Function to Match Error Prone Free-text to Standard School Names
parseSchools finds best matching school name among several possible spellings &
abbreviations. Matches are based on a three stages of parsing:
stage (1) standardizes the text by removing common typos and spelling errors,
stage (2) manually searches for common name variations for the same school,
stage (3) uses an automated text processing algorithm to match the closest
school name from a standardized list.
original_name denotes an Nx1 vector of
university names read from the Grad Cafe.
resolution controls the precision required before an original name is
replaced with the best standardized equivalent. Therefore, very low values
(between 0-5) are cautious selections leading to fewer mis-matches, but more
sparse results. Medium range values (8-12) lead to surprisingly accurate
replacements when the mother processing stages fail. One might expect a few
mis-matched name replacements, but the number of errors should be fairly low.

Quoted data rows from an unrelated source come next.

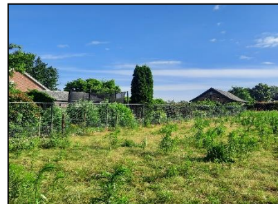
Figuur 5. Plangebied omheind door hekwerk. Kijkrichting oostelijk.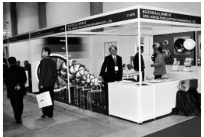
Nur ganz wenige deutsche und europäische Ausstellungsstände waren mit deutschen/europäischen „Langnasen“ besetzt. Das traf zum Beispiel zu auf Robotherm, Sauermann und Teledoor, im Gegenvergleich jedoch nicht auf Frascold, Güntner und Ziehl-Abegg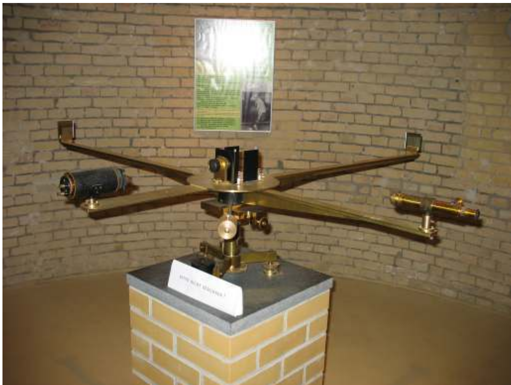
Interfómetro de Michelson

resultado que ambas ondas emplearon igual tiempo, conocido como el experimento de Michelson y Morley, 1887, por lo cual se determinó la constancia universal de la velocidad de la luz en el vacío, adoptado como un principio de la relatividad especial de Einstein, que le mereció el premio Nobel de física en 1907, al físico teórico-experimental, Ph.D, polaco de origen semita, residenciado en los Estados Unidos, Alberto Abraham Michelson, 1852-1931, educado en la Academia Naval de EE.UU y en las universidades de Berlín, Heidelberg, Collège de France y École polytechnique, profesor de física de Case School of Applied Science de Cleveland, 1882-1889, Clark, Worcester, Massachusetts, 1890-1892, Jefe del Departamento de Física de la de Chicago, 1893-1929, además, presidente de la Academia Nacional de Ciencias de Estados Unidos, 1923-1927, y miembro del Observatorio astronómico del Monte Wilson, también, perfeccionó la técnica de la medición de la velocidad de la luz, 1926. El otro autor del famosísimo experimento, fue el químico y físico estadounidense Edward Williams Morley, 1838-1923, profesor de química en el Western Reserve, Hudson, Ohio, 1868, Cleveland Medical College, 1873-1888, y en el Case Western Reserve University, 1869-1906, pero sus contribuciones mayores fueron en la física y la óptica al lado de Michelson, quienes nunca consideraron que con sus hallazgos experimentales refutaban la hipótesis de la existencia del "éter luminífero" [Wikipedia].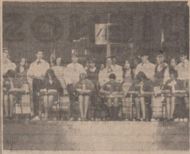
KANKLININKIŲ BURELIS IR TAUTINIŲ ŠOKIŲ GRUPĖ TORONTE, šimomi savųjų ir sveimųjų tarpe. Kanklininkės sudaro "Šatrijos" tunto skautės, o šokių grupė — jūrų skautai ir skautės.

Reikalai geri: atrodo, kad Ramiojo Vandenyno pakrančių skautai-ės tautinėn suskris labai gausiai. Proga vykty yra dviguba: tuo pačiu laiku jie „šauņa du zukių“: III-ją Tau-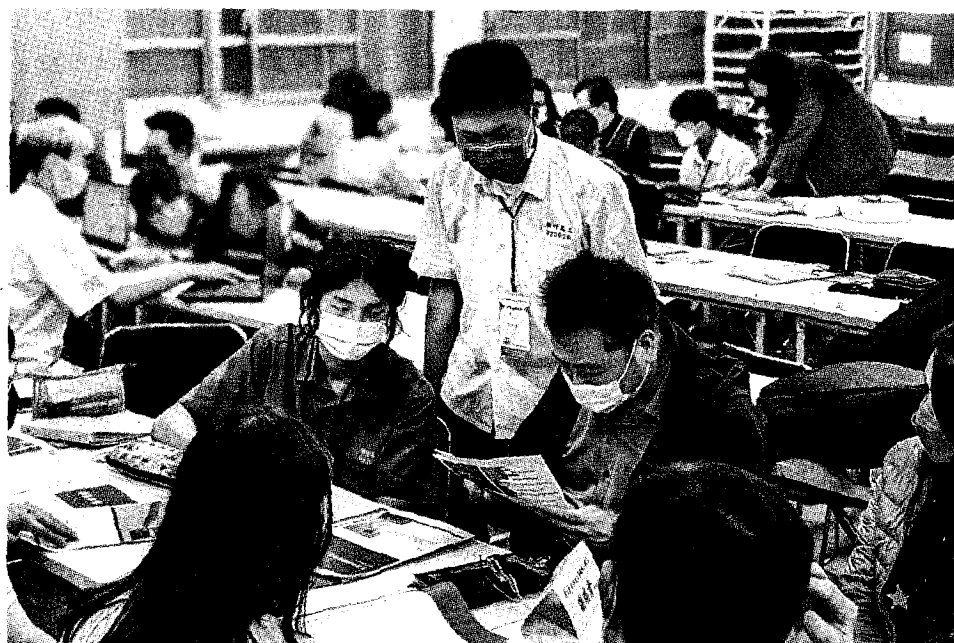
因應108課綱實施，教育部推動高中生建立學習歷程檔案，但成效褒貶不一。圖為師生正在研究學檔相關手冊。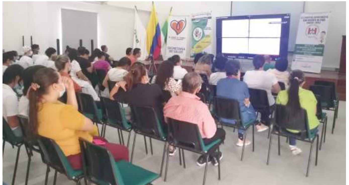
Las IPS de primer nivel y segundo nivel, recibieron orientación sobre cómo abordar las complejas problemáticas de trastornos mentales que están incrementándose en esta temporada en el departamento del Huila.

El incremento de los problemas y trastornos mentales se presenta a nivel nacional y mundial producto de la pandemia, de todas las crisis sociales que está viviendo la humanidad.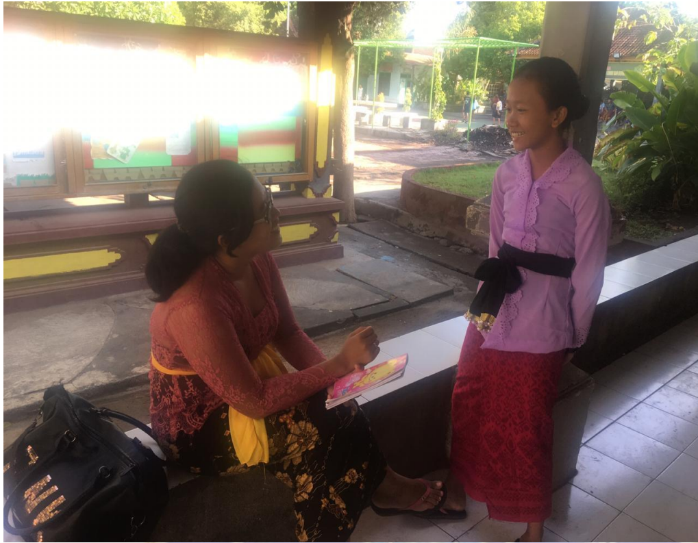
Keterangan kegiatan wawancara terhadap siswa (data wawancara, 2019)

Finally, large values (more than 20) practically guarantee that a school name
which is not in our standard dictionary will be replaced with something. Be
weary of such large selections; the potential for many mis-matched replacements
is high. For the test set, the bulk of the nearest matchs were within 10 units
of the original value. Almost none were larger than 30. The default value is 10.
map is a variable controlling whether or not the original school names
are included in the data frame returned by brewdata(). If map=TRUE, then the
returned data includes the parsed names as well as the original. The default
value is map=FALSE.
is the name of the university corresponding to the row of data. parseSchools
normalizes the names reported on the website.
x = c( "university of california--berkeley","university of california--berkly",
"uc berkeley", "berkeley" )
parseSchools( x )